None of us know everything about every skill set but with the right “TEAM” we have the checks and balances in place. The other nice thing is that all of us are in our happy place. I am doing the web stuff that I love and Alex is doing the PR that he loves. He comes to me when he needs help optimizing a press release and I go to him when I have offended somebody
Left by Josh Carr Superstar on 02/20/2008Good comments Chris, Russ, and Josh. I think it comes down to having a team that each member specializes on something, and each one loves what he or she does. I think it is school that Sprout does that.
Left by Jorge on 02/20/2008The problem with Sprout is that they are spread too thin. Bruce is great but Bruce’s people are not Bruce. I was paying way too much money for a part time “VP of Marketing” when I could have used those resources to get me other things.

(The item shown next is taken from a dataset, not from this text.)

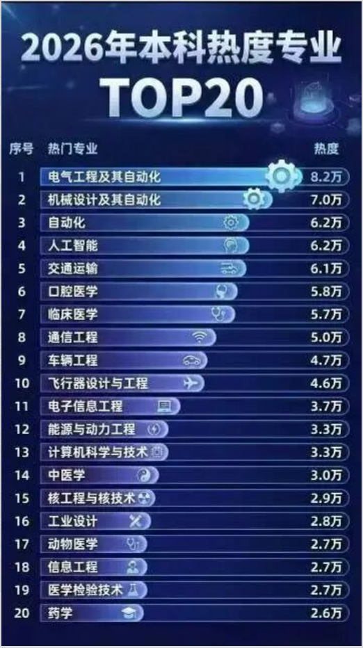电气挤下计算机登顶!2026专业热度榜藏着中国经济新密码

Sprout is a great group but they are just as constrained by the lack of resources in Utah as any other organization.
Left by Sprout Client on 02/20/2008I don’t believe the lack of quality sales talent is unique to Utah — it’s ubiquitous. The clear majority of “sales people” haven’t a clue what their doing — they don’t know how to Always Be Closing and often lump the skillset together with other disciplines, i.e. the VP of Sales, Marketing, and whatever else sounds sexy.
Left by Blake on 02/20/2008@Blake:
I agree that this isn’t a unique problem to Utah but it certainly is exaggerated here.

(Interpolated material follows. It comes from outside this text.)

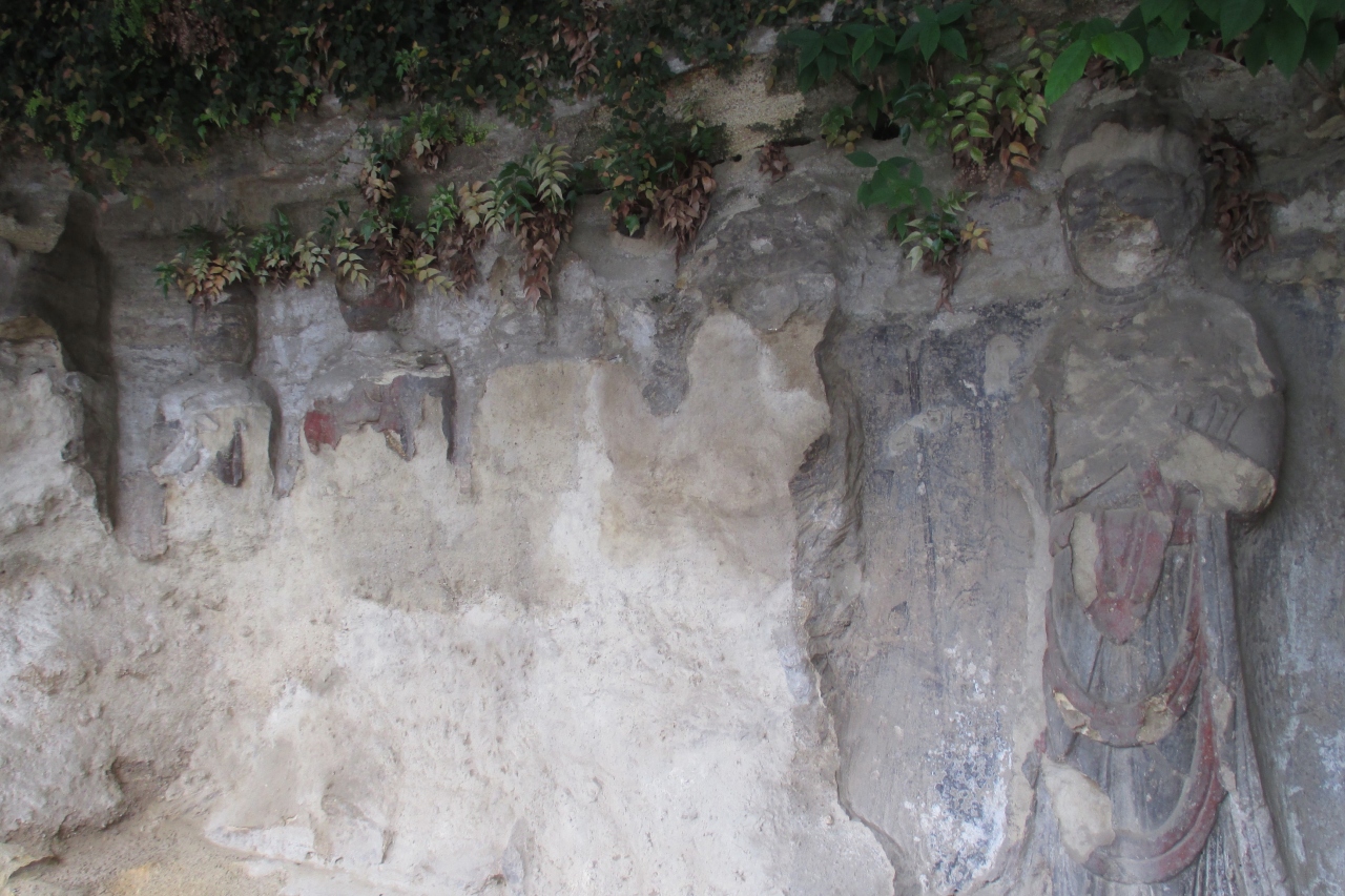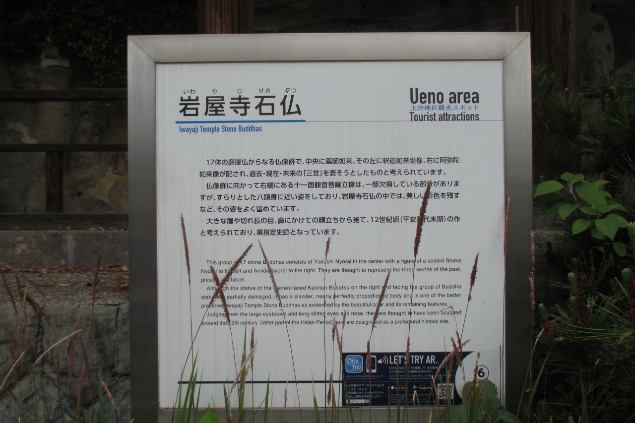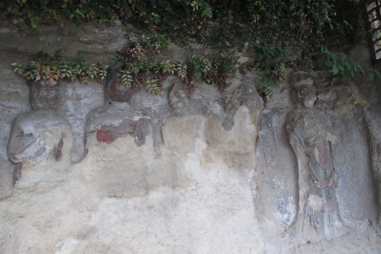 岩屋寺石仏は大分元町石仏の300mくらい南といったところにありました。大分元町石仏と同じ岩質の崖に彫られたものだと思います。中央に薬師如来、左に釈迦如来、右に阿弥陀如来で、過去・現在・未来が表わされているのだそうです。全体では17体の磨崖仏からなっていて、12世紀・平安時代後期の作とみられているそうです。残念ながら、傷みが激しく、仏像がよく分りませんでした。

I don’t agree that the *majority* of sales people don’t know what they are doing. If that were the case then most companies wouldn’t go anywhere. Its easy to spot a company with a good sales organization and they certainly know what they are doing.
Lumping the sales, marketing, biz dev guy all into one isn’t the fault of the sales guy. He takes on the job because he’s usually willing to wear multiple hats even if it still just a sales job. The organization suffers and that is a direct result of the top not knowing that there is a difference and that the two need to be separated. The sales guy becomes the unfortunate victim of a bad management decision.
Left by Chris Knudsen on 02/20/2008Gee, maybe I should move back to Utah and look for a marketing job huh?